This relative neglect of natural science in Vienna 1900 was not really Schorske’s fault. He could not control the ways in which his approach would appeal both to American and Western European researchers, as well as to Austrians both in academia and in policy positions intent on making the most of Vienna 1900’s new, decadent charm as the place where rationalist liberalism failed, and cultural modernism, supposedly, emerged first. This “subjective” turn in fin de siècle Vienna studies was nevertheless an unfortunate one, for by leaving out a whole side of Vienna’s intellectual achievement--in the natural sciences--it quite distorted the character and status of Vienna 1900 in the history of modern culture and thought. Recent research has begun to correct this false impression of Vienna 1900 as only a cultural and not a scientific center, but this scientific side has yet to receive its representation in a major scholarly work that can keep natural science’s head up, as it were, within the academic field of Vienna 1900. Deborah R. Coen has produced a worthy candidate to fill this void--at least partially. Vienna in the Age of Uncertainty situates itself squarely where few Vienna 1900 researchers have feared to tread, in the world of Viennese natural science, or rather within the familial, social, and intellectual nexus of the Exner clan, the “Exnerei” as members of the dynasty came to fashion themselves. Coen looks at Vienna 1900, consequentially and comprehensively, from this perspective of a scientific dynasty, with very interesting results. If it does not quite live up to its claims to transform our general understanding of Vienna 1900, it nevertheless provides many challenges to current historiographic assumptions. Its elucidation of this particular, Exnerian version of fin-de-siècle Viennese society, thought, and culture will no doubt cause many to reassess, fruitfully, their own understanding of what happened in Vienna 1900.
There are two major themes running through the book: the importance of probability in defining Austrian liberalism (hence “uncertainty”); and the significance of the domestic in influencing and framing the public in the liberal world, specifically here the decisive influence of the Exner family’s resort, Brunnwinkl, on the Wolfgangsee in the Salzkammergut, on almost everything that the family, and the brothers’ many students, did and thought. Sometimes these two themes coalesce nicely; at other times they cut across each other, or more charitably, interweave, in confusing and less convincing ways.
Coen’s first concern is to delineate the many ways in which the Exners, and by implication Austrian liberals generally, used probabilistic reasoning to vindicate their authority between dogmatism (especially of the Catholic Church) on one side and relativism (whether philosophical or political, as in socialism or nationalism) on the other.
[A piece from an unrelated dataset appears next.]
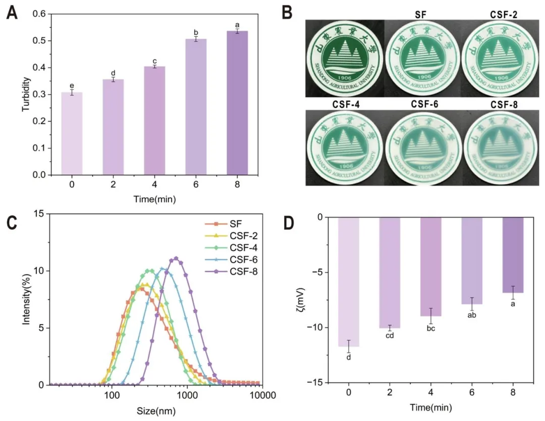 图 2 冷等离子体处理 0、2、4、6、8 分钟后丝素蛋白(SF)溶液的浊度(A)、浊度直观图(B)、粒径分布(C)及 ζ- 电位(D)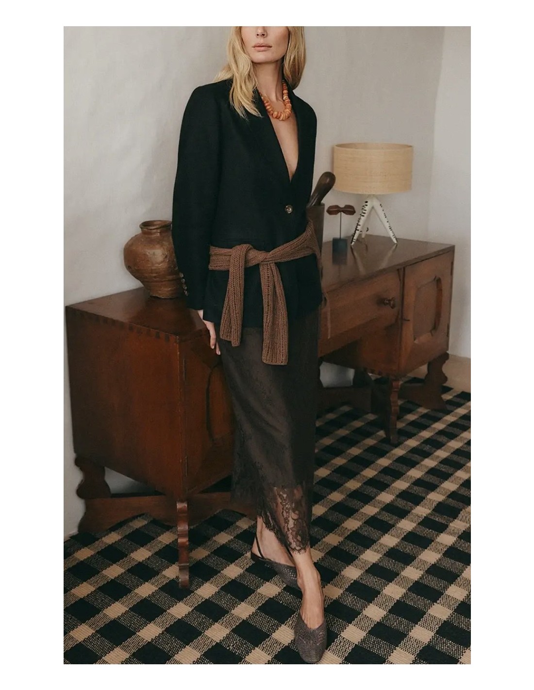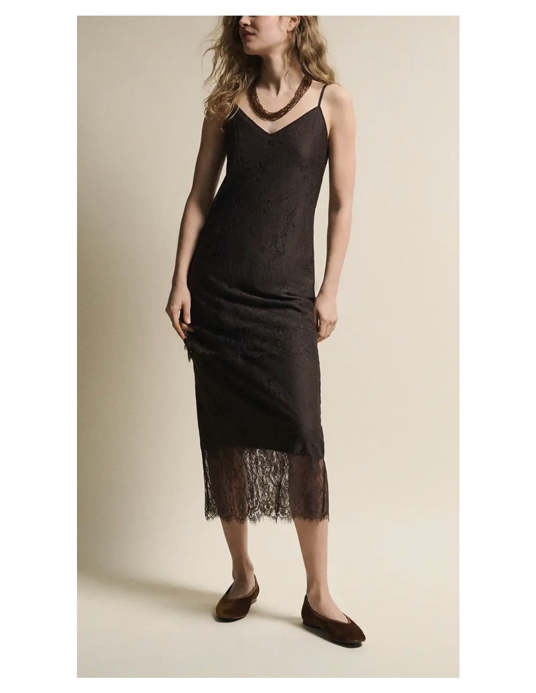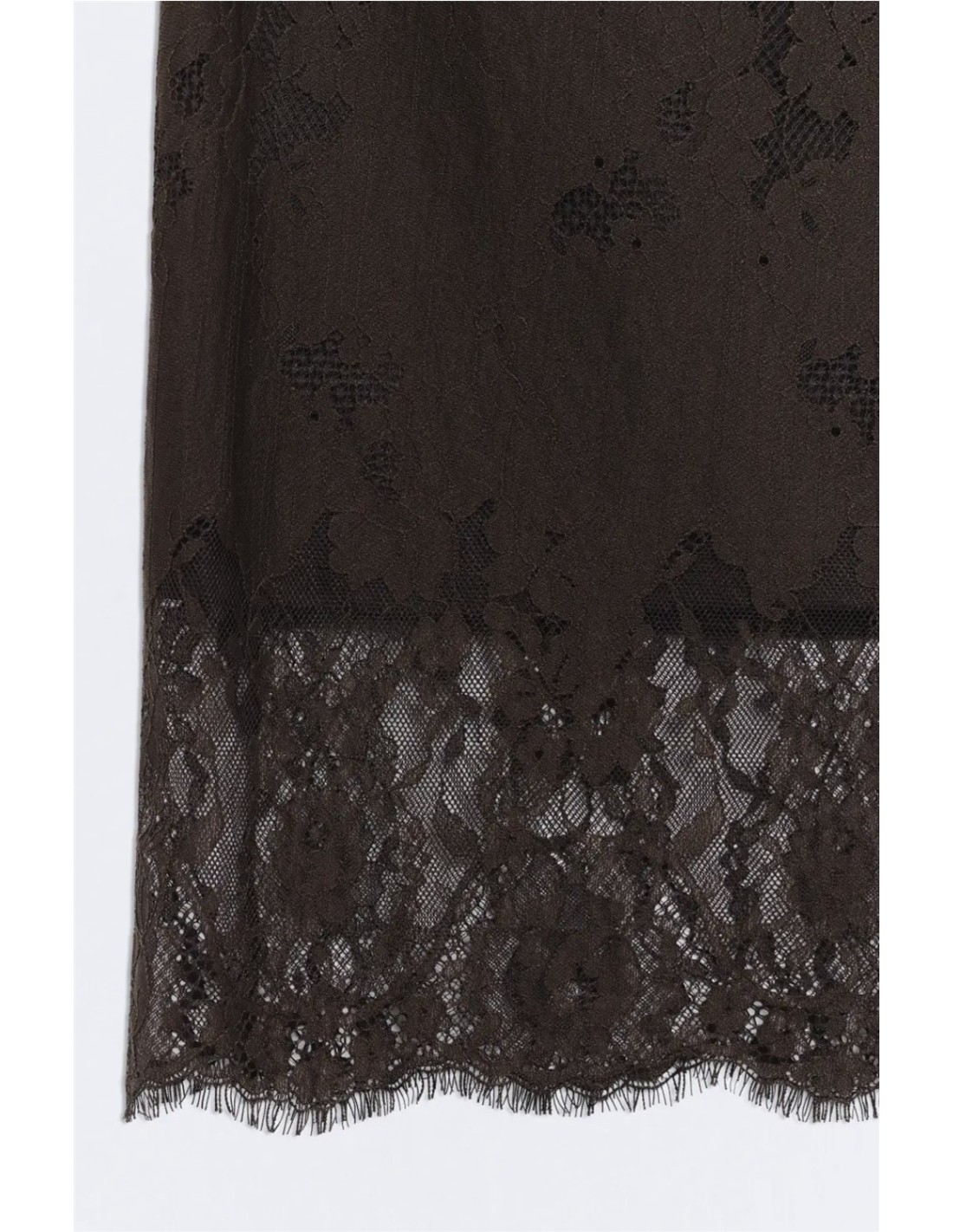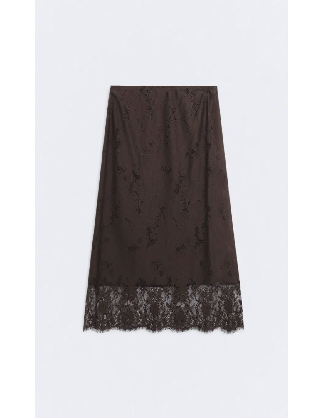Falda midi con acabado lencero en color marrón chocolate, de la marca Ese O Ese.

She is quite ingenious in showing the Exners using the halfway house of probabilistic calculus in all sorts of situations, whether philosophical, political, psychological, or, indeed, scientific, like a form of intellectual panacea. After an introduction of the main themes, the book starts with the dynasty’s founder, Franz Exner, who was most famous for his part in the reforms of Austrian secondary education, especially the elite, humanist Gymnasien. Coen shows how Exner, following the ideas of Johann Friedrich Herbart, introduced skepticism into the Gymnasium’s preparatory philosophy course to combat religious dogmatism and stimulate young minds, but also suggested probability theory as a means to ensure that such stimulation did not result in extreme loss of faith, either in the moral or physical order.
Interweaving her narrative with the Exners’ academic and familial careers, Coen then demonstrates how Exner’s sons carried on their father’s probabilistic mission. Adolf, the eldest, and a professor of law, used probabilistic reasoning to justify liability in railway accidents, and later on, as university rector, emphasized the need for a politics of the possible; Sigmund, a professor of physiology, inhabited a middle ground between those who claimed the validity of natural laws of causality and those, such as Ernst Mach, who, as monists, denied even the ability to discern between the subjective and objective worlds. Again, Sigmund’s work on optics and color theory, memory, and psychic inheritance relied at its core on probability to navigate between the psychological and the physical worlds. The other main fraternal protagonist, Franz Serafin Exner, a professor of physics, propagated a whole school--including such students as Erwin Schrödinger--where probability and statistical methods were used, most notably in the statistics of fluctuations, to make revolutionary contributions to many fields, including nuclear physics. Even the next generation, such as Karl von Frisch, used the same sort of probabilistic, statistical approach, as in Frisch’s experiments with the color perception of bees. Through all of this ran the thread of the Exnerian determination to deny determinism, “the pigtail of the nineteenth century,” and to insist that natural “laws” were only empirical, statistical, human explanations of natural phenomena, not iron-clad descriptions of actual causal relationships (p. 117). Coen makes a reasonably convincing case that this liberal attempt to steer between dogmatism and relativism helped to contribute to Austrian intellectual achievements, such as Schrödinger’s particle wave theory, and to a hostility of Austrian thinkers to ideologies of certainty. A key example cited in the book is the Vienna Circle of Logical Positivism.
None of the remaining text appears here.